Directions – Among the lines of the listing below, retype exactly those from the one containing "Pantalone morbido con" through the one containing "物理学院2023年学术报告系列之03:专利挖掘与撰写", both included. Do not include pictures.

Material shown –
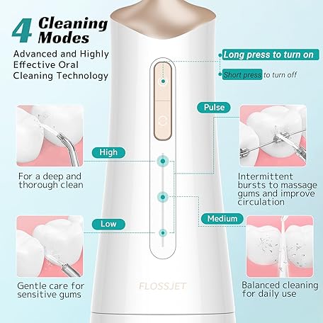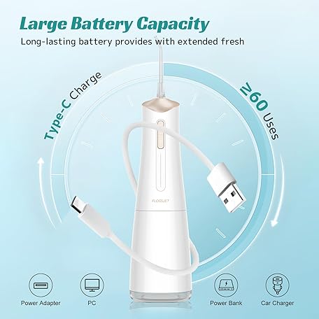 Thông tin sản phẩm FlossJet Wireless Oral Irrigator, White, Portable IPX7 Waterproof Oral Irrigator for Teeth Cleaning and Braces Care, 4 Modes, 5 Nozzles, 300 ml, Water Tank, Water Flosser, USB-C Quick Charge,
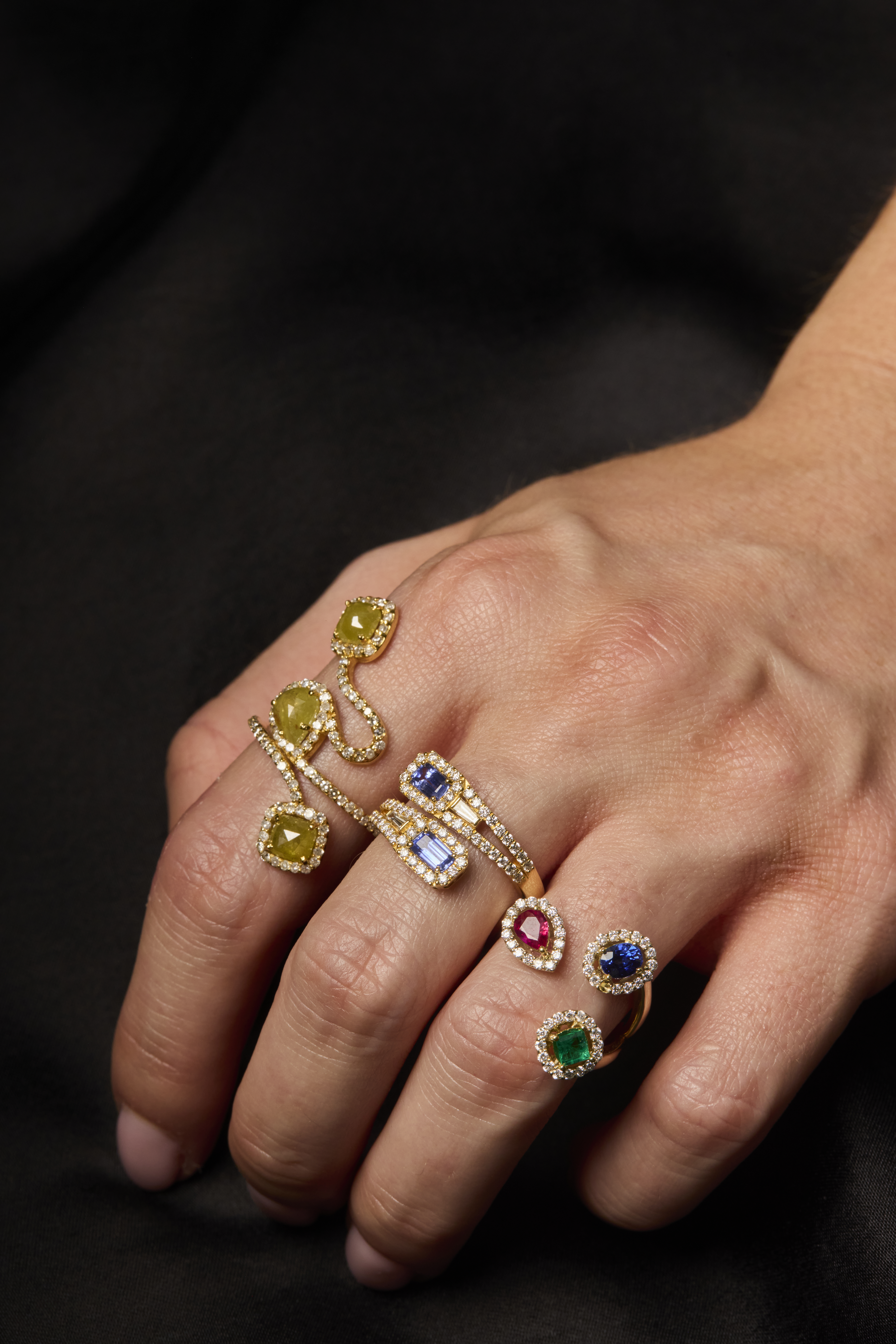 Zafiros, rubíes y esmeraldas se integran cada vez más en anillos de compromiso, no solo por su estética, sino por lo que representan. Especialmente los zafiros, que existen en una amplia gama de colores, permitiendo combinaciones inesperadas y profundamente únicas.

* * *

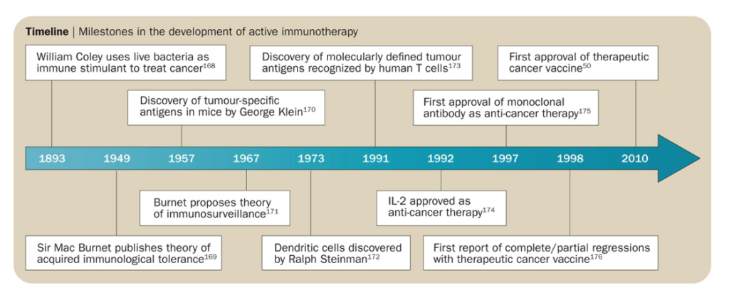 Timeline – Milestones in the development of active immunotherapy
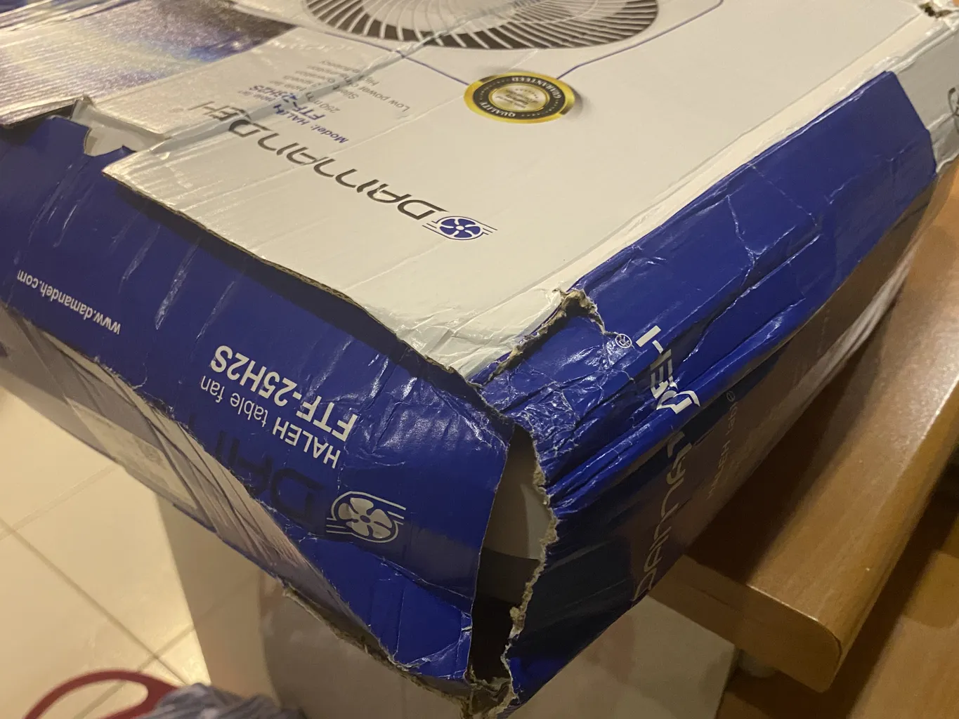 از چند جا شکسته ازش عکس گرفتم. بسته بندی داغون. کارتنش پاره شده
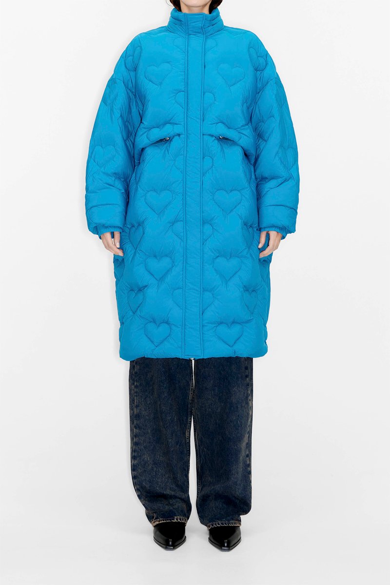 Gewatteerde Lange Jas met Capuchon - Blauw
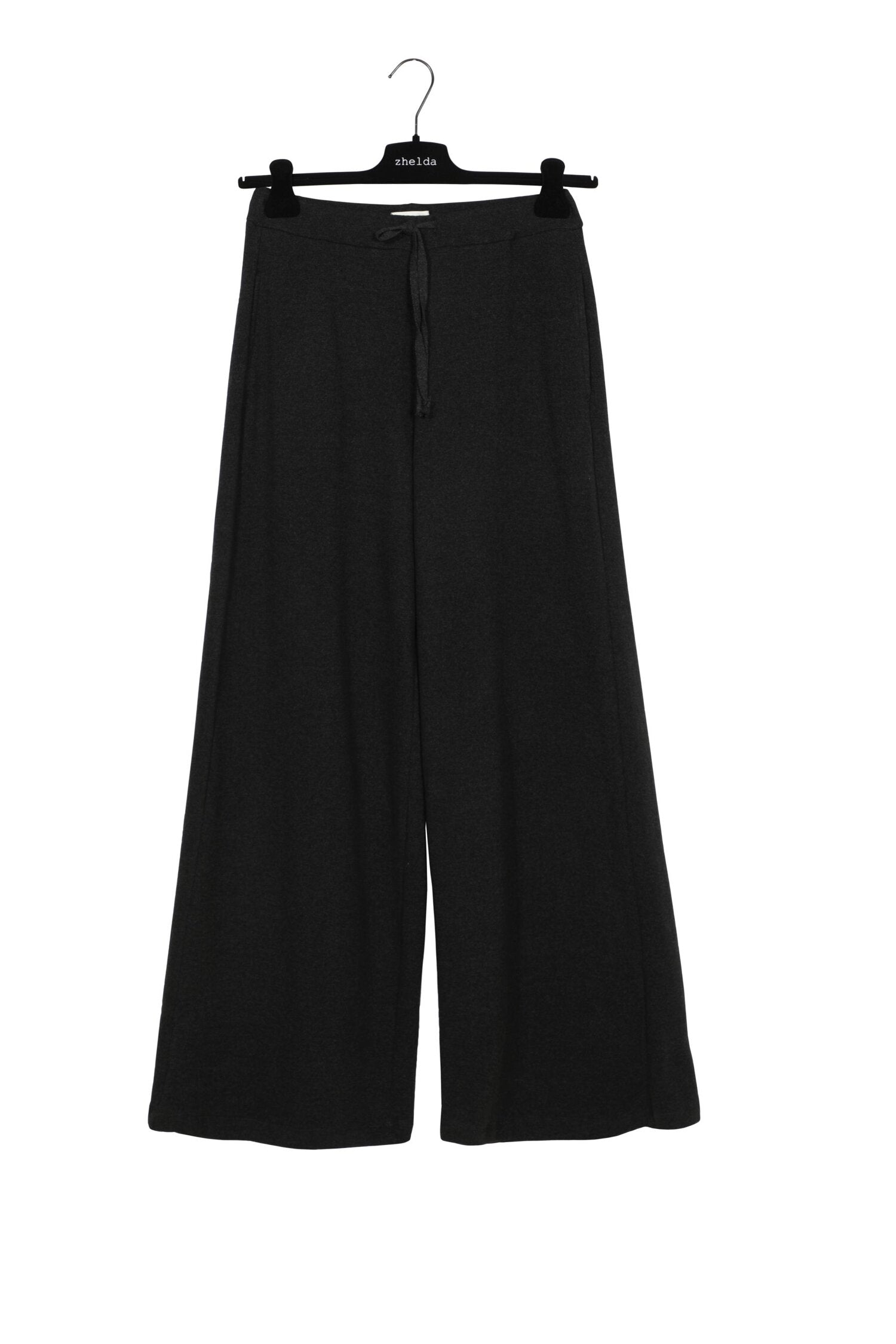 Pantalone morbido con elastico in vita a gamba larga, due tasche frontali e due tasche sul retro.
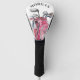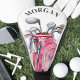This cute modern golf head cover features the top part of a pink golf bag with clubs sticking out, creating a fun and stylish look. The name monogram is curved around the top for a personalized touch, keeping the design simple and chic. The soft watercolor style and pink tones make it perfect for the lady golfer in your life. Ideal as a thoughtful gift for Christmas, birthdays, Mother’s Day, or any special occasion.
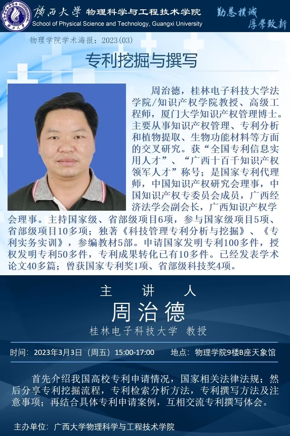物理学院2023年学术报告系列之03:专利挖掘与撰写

...

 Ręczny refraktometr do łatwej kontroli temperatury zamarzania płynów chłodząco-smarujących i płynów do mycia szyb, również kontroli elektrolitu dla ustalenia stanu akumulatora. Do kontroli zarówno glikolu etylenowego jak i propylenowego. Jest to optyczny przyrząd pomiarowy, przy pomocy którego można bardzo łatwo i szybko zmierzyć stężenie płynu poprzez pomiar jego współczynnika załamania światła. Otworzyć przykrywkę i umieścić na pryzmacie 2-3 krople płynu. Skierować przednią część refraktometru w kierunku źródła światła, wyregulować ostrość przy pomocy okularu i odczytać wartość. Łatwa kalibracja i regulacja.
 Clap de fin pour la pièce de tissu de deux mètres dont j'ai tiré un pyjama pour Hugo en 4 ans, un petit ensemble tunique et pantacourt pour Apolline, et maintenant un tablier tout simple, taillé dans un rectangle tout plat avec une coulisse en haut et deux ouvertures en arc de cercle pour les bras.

Answer for the task –
 Pantalone morbido con elastico in vita a gamba larga, due tasche frontali e due tasche sul retro.
This cute modern golf head cover features the top part of a pink golf bag with clubs sticking out, creating a fun and stylish look. The name monogram is curved around the top for a personalized touch, keeping the design simple and chic. The soft watercolor style and pink tones make it perfect for the lady golfer in your life. Ideal as a thoughtful gift for Christmas, birthdays, Mother’s Day, or any special occasion.
物理学院2023年学术报告系列之03:专利挖掘与撰写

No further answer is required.